4 types of awareness:

  • Of sensations and actions– sensing through sense organs and expressing oneself through movement or vocal expression
  • Of feelings– emotional and physical feelings
  • Of wants– desires for future events to take place
  • Of values and assessments– larger units of experience if how values another, social and spiritual issues
  • Five major styles of contact resistance
    • Introjection – We passively incorporate what the environment provides & do not know what we want or need
    • Projection – We disown certain aspects of ourselves by assigning them to the environment; and put them on others (e.g. see quality in others, we avoid responsibility of who we are)
    • Confluence – A blurring of the differentiation between the self and the environment (e.g. High need to be accepted and liked)
    • Retroflection – Turning back to ourselves what we would like someone else do to us (e.g. Lash out and injure self because fearful of directing toward others)
    • Devaluation – resistance between contact and satisfaction
      When you devalue yourself, you make contact, but experience it as being less satisfying than it actually is.

Techniques of gestalt therapy

  • The “experiment” in Gestalt therapy
  • Therapy sessions are viewed as a series of experiments, which provide for the client to experientially learn
    • Experiments are therapy techniques that develop from the therapeutic process and client/therapist relationship
  • Authenticity of therapist
  • Interaction between therapist and client
  • Spontaneity of experiments leads to many forms:

-dramatization of painful memory          

-setting up interaction between the client and a significant person in their life

  • Enactment: Bringing struggles to life by enacting them out in the present
    • Experiments will be tailored and focused to each individual and used when in a timely manner
    • The experiments must be carried out in a context that allows for balance between support and risk
  • The “exercise” in gestalt therapy
    • Pre-existing techniques that are used to induce change or progress in a therapy session
    • The purpose of an exercise is to elicit emotion, produce action, or achieve a specific goal.
    • The therapist and person in therapy can then examine the result of the exercise in order to increase awareness and help the person understand the “here and now” of the experience.

• Internal dialogue exercise – the “top dog” and the “under dog”

• Making the rounds – go to each person in the group and talk to them

• “I take responsibility for” – can be added to one of the client’s statements

• Rehearsal exercise – to rehearse with the therapist out loud.

• Reversal technique – asking the client to do the opposite of their behaviors

• Staying with feeling – so that you can work through the fears

  • Empty-Chair Technique:
    – When client speaks to an empty chair as if it were another person or another part of the client
    – Used to help the client get in touch with other views or other aspects of self
  • Exaggeration Exercise:
    – Counselor exaggerates mannerism of client or asks client to exaggerate mannerism in order to make client aware of true feelings
  • Guided Fantasy:
    – Client is encouraged to visualize here & now experiences
  • Playing the Projection:
    – Client is asked to play the role of the person who they are not connecting with
  • Gestalt approach to dream work
  • Does not interpret & analyze dreams

• Instead intent is to bring back to life & relive them as though they were happening now

• Dream is acted out in the present & dreamer becomes a part of his or her dream

Behavioural therapy

It is based on a scientific view of overt human behaviour and the usage of systematic and structured approach to counselling.

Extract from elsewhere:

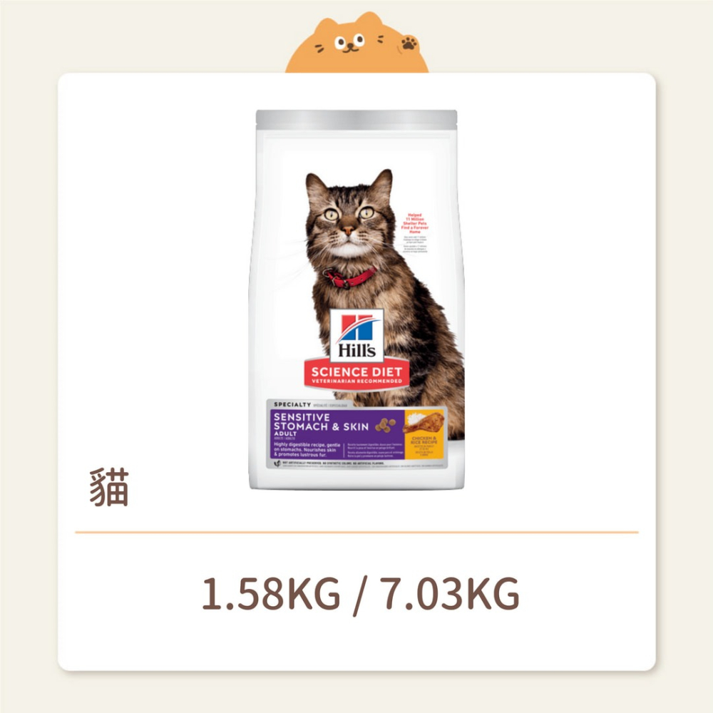 希爾思透過研究寵物的生物學,瞭解營養對消化及皮膚健康影響。此高消化食物能幫助營養素吸收,並溫和顧胃。特調含維生素 E 及 Omega-6 脂肪酸的營養配方有助維持及保護皮毛。 - 添加富含營養的益生纖維-果寡糖 - 溫和顧胃的極易消化配方 - 維生素 E 與 Omega-6 滋潤皮膚及毛髮 - 含益生纖維的極易消化配方,滋潤皮膚幫助皮毛亮麗

It assumes that the person is the result and creator of his/ her environment.

  • Basic Characteristics and Assumptions
  • Behavior therapy analyses a client’s current problems and its causes based on ideas of reinforcement, punishment, or conditioning and not a deep dive into the individuals history.
  • Behavior therapists look to the current environmental events that maintain problem behaviors and help clients produce behavior change by changing environmental events, through a process called behavioral analysis.
  • Clients assume an active role by engaging in activities that deal with their problems.
  • Clients are self-dependent and are asked to monitor their behaviors, learn and practice coping skills, carry out homework assignments.
  • Clients learn new and adaptive behaviors to replace old and maladaptive behaviors.
  • The focus is on a similar platform to the experimental method where assessment of overt behavior directly leads to identifying the problem, finding possible reasons, targeting those variables and evaluating change.
  • Behavioral treatment interventions are individually tailored to specific problems experienced by clients.

Goals

  • Problems must be clear, concrete, understood, and measurable and agreed on by the client and the counselor.
  • The aim is to modify or eliminate maladaptive behaviours and aid to acquire healthy, constructive ways of acting.
  • Continual assessment takes place throughout therapy to assess if identified goals are being met. Accordingly therapists and clients alter goals throughout the therapeutic process.

Therapist’s Function and Role

  • The ABC model – This model suggests that behavior (B) is influenced by some particular events that precede it, called antecedents (A), and by certain events that follow it called consequences (C).
  • Techniques used such as summarizing, reflection, clarification, and open-ended questioning.
  • Based on functional assessment, the therapist formulates initial treatment goals and designs and implements a treatment plan to accomplish these goals.
  • A large part of the therapist’s role is to teach concrete skills through the provision of instructions, modeling, and performance feedback.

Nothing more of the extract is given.